In October the British government claimed that a deal on citizens’ rights was “within touching distance”, but there remains at least one major stumbling block to an agreement on the issue: the role of the European court of justice (ECJ) in resolving any disputes after Brexit.
EU negotiators are adamant that the UK must give EU citizens certainty that they will be protected by EU law. They want any agreement to be a reflection of treaty article 267, meaning that Britain’s supreme court would be obliged to refer citizens’ rights disputes to the ECJ.
In September the British government appeared to concede that European law would take “direct effect” when it came to protecting the rights of EU nationals living in the UK, meaning they could appeal to UK courts citing European law as enshrined in the withdrawal treaty.
But European diplomats say Britain’s offer now appears not to be so clear-cut. While UK ministers are reportedly considering a plan that would involve some cases being voluntarily referred to the ECJ, leading Brexiters oppose any ongoing role for the ECJ in the rights of EU nationals in the UK.
The former Conservative leader Iain Duncan Smith was among several former ministers to say such an arrangement would be unacceptable, arguing that it would mean “ceding power to a foreign court on which [Britain] has no representation”.
The European parliament, which wields a veto over the Brexit deal, wrote last month to both negotiating teams highlighting a number of other issues that still need to be addressed to safeguard the rights of the 3.2 million EU27 citizens living in the UK and 900,000 British citizens in other member states.
In particular, MEPs on the Brexit steering committee have said the UK’s proposed application procedure for EU nationals did not meet the parliament’s demands that claims to remain should be processed without conditions, including a criminal records check or a cost to applicants.
The issues of family reunification – with Britain proposing that EU nationals would have to meet the same income threshold set for British nationals who want to bring a spouse from a non-EU state to Britain – and of the rights of EU nationals’ children born after Brexit, have also been major sticking points.
Additionally, the UK has demanded the EU guarantee so-called onward movement rights for British nationals on the continent, allowing them to move to any other member state after Brexit in exchange for an indefinite right to return for EU nationals living in the UK.
The divorce bill
The Brexit divorce bill has dominated headlines for months, but is turning out to be the easier bit of Britain’s negotiations to leave the EU. While Ireland and citizens’ rights pose intractable problems about preserving peace and the role of the European court, British and EU negotiators are used to haggling over money.
A breakthrough on the bill came last week, when the UK offered to stand behind obligations to the EU that could total €60bn (£50bn) – an acknowledgement that the EU accepts as progress enough for the time being.
The final sum has not been agreed, and British officials think the UK’s liabilities are far lower. The settlement includes UK payments to the current EU budget, the UK’s share of the EU’s unpaid bills, EU staff pensions, loan guarantees, plus many ad-hoc schemes such as aid for Syrian refugees in Turkey.

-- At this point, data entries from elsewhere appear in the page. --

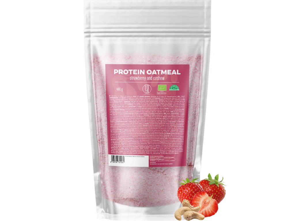 Compoziție: (27%) fulgi de ovăz fără gluten* (conținut de gluten max. 20 mg/kg), (25%) concentrat proteic din zer* (lapte*, emulgator: lecitină din floarea-soarelui*), (15%) făină de ovăz* (conținut de gluten max. 20 mg/kg), zahăr din trestie*, lapte pudră de cocos*, (6,3%) nuci caju*, (5,5%) pudră de căpșuni liofilizate*, aromă naturală, sare de Himalaya. *produs din agricultură ecologică. Conține 99,2% ingrediente ecologice. Poate conține urme de arahide.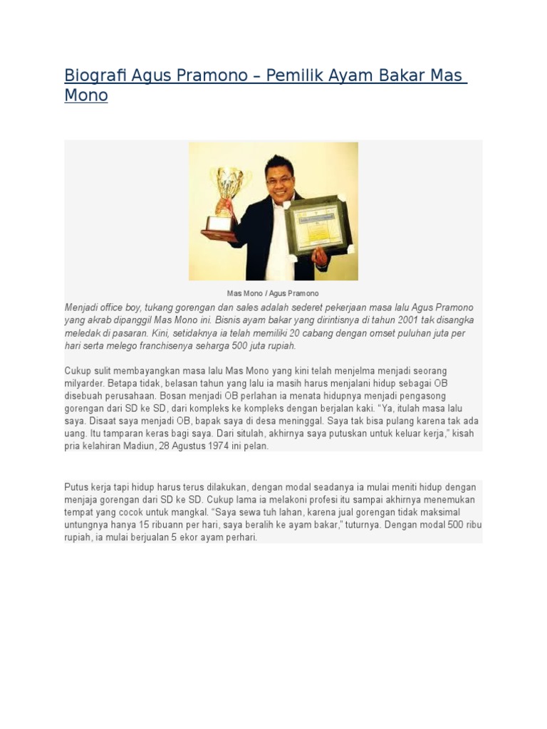 Info Biografi : Biografi Agus Pramono - pemilik waralaba Ayam Bakar Mas Mono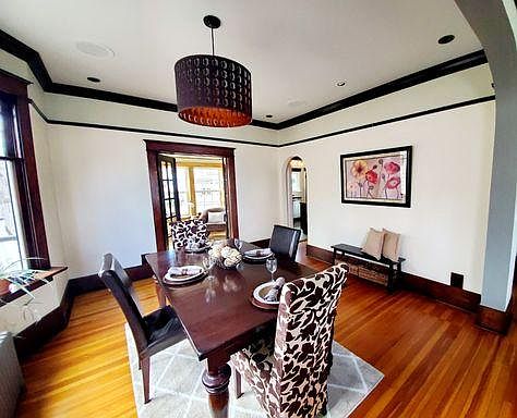 Step into a beautifully updated home where every detail shines. This executive rental features a chef's kitchen with high-end stainless steel appliances, restored hardwood floors, antique doors, and hardware that add charm throughout. Enjoy the fireplace, copper gutters, and a covered porch with a swing perfect for relaxing evenings.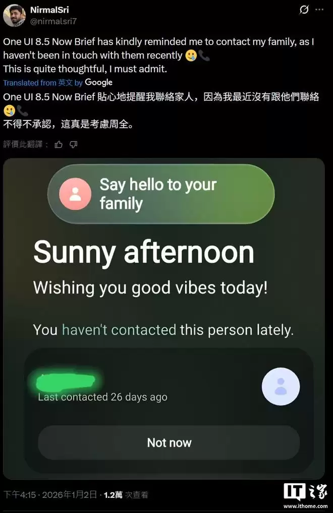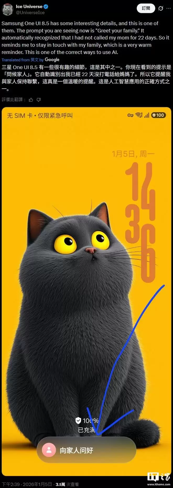 IT之家 1 月 5 日消息,消息人士 NirmalSri 本周(1 月 2 日)在 X 平台曝光三星 One UI 8 5 系统的“向家人问好”功能。据介绍,这项功能隶属于“Now Brief”(

Final agreement on the money is unlikely to emerge until the 11th hour of talks in autumn 2018, but even that will be a ballpark figure. The exact sum may not be known for decades, as it depends on unpredictable and contingent factors – from the lifespan of EU civil servants to whether Greece defaults on 40-year-long, EU-backed loans.
Even an interim deal this week is far from the end of the story. Not only do the UK and the EU still have to work out the painstaking details, but money will loom large in talks about a future trade relationship. For the UK, the Brexit bill is the price of a future trade deal; for the EU, it is about settling past debts. Arguments between London and Brussels about money look set to continue for years to come.